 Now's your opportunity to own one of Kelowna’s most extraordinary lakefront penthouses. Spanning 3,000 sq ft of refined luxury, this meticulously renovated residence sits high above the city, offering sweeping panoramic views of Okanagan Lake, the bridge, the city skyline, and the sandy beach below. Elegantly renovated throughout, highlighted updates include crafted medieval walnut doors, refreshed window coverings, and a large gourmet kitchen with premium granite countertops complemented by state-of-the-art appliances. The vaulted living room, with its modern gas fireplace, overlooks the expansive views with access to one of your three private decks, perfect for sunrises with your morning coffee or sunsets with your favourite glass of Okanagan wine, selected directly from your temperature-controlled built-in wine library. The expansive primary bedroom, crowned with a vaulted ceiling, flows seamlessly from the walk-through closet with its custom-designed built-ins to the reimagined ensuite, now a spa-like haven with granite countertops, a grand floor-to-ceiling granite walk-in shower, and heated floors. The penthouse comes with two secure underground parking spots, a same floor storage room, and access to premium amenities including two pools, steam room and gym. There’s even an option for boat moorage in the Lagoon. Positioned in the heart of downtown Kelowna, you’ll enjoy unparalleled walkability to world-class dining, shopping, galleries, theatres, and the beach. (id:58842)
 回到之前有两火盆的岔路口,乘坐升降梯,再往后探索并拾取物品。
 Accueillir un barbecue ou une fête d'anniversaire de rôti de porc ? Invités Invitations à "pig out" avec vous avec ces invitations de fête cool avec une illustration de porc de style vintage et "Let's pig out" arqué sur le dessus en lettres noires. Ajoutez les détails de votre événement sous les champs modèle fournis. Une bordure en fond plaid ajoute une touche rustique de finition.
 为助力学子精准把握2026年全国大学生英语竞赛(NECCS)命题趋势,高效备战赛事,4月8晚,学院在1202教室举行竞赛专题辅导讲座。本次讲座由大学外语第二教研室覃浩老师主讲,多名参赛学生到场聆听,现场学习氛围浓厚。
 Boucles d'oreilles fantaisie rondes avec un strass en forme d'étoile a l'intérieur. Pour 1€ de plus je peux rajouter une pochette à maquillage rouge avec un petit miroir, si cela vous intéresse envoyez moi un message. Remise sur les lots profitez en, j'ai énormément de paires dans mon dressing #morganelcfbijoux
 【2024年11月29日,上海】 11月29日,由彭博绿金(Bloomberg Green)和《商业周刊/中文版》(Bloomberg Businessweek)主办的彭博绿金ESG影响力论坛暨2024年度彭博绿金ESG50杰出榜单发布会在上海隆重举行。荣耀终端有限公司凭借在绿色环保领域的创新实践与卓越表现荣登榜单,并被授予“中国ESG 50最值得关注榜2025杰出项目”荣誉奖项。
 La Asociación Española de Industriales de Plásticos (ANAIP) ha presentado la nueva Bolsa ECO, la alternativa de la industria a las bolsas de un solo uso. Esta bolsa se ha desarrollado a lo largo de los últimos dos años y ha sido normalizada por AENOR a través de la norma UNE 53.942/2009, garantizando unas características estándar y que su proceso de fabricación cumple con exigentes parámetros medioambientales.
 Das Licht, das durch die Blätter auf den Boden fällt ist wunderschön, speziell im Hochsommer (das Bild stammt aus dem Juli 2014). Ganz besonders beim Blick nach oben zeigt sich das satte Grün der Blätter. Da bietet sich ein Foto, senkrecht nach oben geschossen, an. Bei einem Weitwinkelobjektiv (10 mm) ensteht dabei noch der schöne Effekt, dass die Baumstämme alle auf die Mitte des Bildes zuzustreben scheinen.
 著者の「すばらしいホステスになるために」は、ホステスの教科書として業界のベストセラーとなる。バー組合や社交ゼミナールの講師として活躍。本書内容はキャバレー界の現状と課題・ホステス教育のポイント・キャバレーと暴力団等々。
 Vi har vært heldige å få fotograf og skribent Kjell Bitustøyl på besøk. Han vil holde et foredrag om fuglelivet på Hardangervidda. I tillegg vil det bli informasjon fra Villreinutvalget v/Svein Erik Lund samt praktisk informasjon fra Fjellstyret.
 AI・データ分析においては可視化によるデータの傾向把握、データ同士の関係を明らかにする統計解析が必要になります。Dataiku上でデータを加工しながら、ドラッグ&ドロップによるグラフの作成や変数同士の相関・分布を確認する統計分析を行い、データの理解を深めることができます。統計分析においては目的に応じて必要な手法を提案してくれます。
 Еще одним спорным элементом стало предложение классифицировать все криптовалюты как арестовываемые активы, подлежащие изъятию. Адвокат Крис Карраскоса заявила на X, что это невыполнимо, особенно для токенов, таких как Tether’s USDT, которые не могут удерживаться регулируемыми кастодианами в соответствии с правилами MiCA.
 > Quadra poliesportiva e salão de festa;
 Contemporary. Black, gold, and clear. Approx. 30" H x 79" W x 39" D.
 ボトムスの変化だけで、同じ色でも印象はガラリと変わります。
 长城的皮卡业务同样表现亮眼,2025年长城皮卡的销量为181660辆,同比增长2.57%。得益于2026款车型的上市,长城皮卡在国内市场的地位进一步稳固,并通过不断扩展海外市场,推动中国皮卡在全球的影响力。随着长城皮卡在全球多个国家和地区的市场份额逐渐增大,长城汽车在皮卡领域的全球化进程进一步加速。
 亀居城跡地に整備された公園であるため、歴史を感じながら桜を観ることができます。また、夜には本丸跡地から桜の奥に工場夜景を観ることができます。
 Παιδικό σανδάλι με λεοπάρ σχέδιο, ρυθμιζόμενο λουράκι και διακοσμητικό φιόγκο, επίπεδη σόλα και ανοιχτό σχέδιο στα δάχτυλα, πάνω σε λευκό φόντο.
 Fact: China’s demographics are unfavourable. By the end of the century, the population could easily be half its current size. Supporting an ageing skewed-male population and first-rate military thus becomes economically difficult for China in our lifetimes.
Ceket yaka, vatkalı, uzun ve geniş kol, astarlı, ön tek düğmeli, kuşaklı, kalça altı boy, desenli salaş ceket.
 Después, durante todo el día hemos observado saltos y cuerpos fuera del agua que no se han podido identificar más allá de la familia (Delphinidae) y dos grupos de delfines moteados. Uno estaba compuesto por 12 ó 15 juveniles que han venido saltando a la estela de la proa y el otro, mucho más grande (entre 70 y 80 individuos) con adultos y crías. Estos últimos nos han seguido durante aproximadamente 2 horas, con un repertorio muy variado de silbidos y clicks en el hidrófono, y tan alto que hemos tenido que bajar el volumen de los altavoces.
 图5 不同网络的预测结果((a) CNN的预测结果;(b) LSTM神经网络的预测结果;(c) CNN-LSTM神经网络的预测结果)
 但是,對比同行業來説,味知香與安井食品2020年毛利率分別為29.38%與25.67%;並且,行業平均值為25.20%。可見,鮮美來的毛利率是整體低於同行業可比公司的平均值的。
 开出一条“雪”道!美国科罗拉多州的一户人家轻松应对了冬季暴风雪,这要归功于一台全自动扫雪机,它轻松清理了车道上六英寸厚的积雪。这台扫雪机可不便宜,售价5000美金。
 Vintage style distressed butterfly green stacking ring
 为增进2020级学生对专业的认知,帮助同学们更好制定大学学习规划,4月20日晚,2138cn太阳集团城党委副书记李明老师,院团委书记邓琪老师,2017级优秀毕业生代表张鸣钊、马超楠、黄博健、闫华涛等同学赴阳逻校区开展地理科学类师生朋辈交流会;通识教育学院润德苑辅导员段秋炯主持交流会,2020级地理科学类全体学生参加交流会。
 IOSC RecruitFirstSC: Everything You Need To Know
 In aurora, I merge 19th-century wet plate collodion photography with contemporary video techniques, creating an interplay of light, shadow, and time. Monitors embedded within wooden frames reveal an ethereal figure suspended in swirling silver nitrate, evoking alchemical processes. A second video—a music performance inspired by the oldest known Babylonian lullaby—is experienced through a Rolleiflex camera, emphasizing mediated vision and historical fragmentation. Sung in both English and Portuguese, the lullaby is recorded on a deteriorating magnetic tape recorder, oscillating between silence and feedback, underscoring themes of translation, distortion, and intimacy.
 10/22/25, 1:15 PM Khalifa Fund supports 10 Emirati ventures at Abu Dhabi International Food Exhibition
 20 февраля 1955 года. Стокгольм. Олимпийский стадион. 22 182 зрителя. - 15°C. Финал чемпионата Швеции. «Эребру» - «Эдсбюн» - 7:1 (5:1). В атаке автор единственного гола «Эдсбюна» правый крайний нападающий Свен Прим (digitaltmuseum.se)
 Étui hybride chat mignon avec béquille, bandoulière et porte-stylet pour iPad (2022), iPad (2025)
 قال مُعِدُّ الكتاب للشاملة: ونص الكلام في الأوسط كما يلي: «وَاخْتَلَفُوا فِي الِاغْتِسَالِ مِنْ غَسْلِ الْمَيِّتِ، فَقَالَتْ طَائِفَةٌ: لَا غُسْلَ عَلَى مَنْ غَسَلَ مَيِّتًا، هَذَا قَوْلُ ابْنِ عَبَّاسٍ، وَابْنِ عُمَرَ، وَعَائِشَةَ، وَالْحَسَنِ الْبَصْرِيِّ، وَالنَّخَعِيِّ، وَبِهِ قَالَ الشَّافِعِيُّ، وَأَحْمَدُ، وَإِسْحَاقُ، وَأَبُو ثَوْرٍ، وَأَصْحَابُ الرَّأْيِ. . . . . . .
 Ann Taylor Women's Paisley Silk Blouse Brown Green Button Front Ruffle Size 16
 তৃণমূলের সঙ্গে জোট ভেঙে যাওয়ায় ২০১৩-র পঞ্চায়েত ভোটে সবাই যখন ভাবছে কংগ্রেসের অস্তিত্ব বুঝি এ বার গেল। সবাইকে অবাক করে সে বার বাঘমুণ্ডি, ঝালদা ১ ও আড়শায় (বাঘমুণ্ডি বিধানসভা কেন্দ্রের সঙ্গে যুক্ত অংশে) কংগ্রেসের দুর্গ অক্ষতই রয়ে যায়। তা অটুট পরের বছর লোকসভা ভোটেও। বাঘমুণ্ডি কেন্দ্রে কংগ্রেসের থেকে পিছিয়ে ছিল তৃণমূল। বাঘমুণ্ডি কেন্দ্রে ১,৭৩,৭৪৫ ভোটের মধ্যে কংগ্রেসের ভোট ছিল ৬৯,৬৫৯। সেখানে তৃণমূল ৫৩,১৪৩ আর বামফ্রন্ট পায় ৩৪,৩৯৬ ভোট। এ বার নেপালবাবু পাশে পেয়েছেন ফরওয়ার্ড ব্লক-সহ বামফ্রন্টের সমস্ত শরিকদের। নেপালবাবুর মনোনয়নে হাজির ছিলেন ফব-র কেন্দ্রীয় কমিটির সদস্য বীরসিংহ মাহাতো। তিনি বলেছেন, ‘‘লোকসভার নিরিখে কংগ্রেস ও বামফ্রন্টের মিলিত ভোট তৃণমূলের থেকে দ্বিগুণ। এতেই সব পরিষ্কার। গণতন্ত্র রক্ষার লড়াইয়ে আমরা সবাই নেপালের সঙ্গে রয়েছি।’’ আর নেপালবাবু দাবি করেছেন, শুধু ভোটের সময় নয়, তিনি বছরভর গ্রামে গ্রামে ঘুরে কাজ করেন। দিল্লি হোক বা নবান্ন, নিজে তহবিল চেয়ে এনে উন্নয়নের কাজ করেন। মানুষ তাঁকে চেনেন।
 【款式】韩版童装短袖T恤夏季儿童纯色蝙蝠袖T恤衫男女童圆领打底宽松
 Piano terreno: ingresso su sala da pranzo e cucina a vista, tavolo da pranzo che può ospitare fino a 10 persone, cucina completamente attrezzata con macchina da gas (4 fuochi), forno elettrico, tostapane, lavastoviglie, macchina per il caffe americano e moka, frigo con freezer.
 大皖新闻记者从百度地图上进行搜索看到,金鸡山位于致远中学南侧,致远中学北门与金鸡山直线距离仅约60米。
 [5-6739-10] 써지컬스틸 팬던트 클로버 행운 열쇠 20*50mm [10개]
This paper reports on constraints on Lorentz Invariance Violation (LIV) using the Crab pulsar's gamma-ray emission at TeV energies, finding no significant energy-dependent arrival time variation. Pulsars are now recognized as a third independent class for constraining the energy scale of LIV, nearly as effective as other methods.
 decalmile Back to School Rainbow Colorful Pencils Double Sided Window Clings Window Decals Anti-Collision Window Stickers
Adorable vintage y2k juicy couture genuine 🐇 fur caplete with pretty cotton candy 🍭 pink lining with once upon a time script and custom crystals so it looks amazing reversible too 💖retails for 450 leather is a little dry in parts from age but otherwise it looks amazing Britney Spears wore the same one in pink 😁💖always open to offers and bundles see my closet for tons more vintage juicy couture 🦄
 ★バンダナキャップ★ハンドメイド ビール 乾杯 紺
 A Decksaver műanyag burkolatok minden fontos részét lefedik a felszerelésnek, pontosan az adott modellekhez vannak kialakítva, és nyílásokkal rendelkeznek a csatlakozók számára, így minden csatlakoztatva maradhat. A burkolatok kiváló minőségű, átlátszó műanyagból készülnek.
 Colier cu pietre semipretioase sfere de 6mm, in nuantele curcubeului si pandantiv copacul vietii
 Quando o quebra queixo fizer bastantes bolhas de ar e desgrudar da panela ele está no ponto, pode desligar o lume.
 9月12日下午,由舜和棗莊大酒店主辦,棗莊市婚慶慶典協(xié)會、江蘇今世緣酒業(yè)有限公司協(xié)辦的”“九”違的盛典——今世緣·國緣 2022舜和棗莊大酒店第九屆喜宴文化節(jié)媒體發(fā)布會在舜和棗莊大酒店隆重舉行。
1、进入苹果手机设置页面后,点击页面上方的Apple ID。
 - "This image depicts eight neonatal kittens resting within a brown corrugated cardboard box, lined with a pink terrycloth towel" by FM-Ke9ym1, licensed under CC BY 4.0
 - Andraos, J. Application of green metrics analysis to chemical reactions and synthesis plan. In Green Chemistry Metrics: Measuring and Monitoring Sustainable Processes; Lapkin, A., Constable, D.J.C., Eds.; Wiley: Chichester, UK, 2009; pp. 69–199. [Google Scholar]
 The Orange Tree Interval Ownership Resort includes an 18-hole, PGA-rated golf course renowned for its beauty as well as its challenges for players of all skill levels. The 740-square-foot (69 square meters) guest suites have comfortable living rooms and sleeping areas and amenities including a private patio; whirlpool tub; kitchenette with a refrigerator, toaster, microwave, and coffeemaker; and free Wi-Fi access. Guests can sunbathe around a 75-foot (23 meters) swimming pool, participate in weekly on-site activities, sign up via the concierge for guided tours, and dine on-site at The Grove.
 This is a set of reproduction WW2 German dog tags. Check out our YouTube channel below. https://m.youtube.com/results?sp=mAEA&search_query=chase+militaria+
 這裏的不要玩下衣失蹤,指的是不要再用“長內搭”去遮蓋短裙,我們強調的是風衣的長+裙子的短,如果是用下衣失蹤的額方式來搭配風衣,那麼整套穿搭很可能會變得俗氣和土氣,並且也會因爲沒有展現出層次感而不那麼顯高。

§ Work to be completed
Of all the entries above, output exactly the lines between the one holding "10/22/25, 1:15 PM" and the one holding "Étui hybride chat", inclusive.

§ Final answer
 10/22/25, 1:15 PM Khalifa Fund supports 10 Emirati ventures at Abu Dhabi International Food Exhibition
 20 февраля 1955 года. Стокгольм. Олимпийский стадион. 22 182 зрителя. - 15°C. Финал чемпионата Швеции. «Эребру» - «Эдсбюн» - 7:1 (5:1). В атаке автор единственного гола «Эдсбюна» правый крайний нападающий Свен Прим (digitaltmuseum.se)
 Étui hybride chat mignon avec béquille, bandoulière et porte-stylet pour iPad (2022), iPad (2025)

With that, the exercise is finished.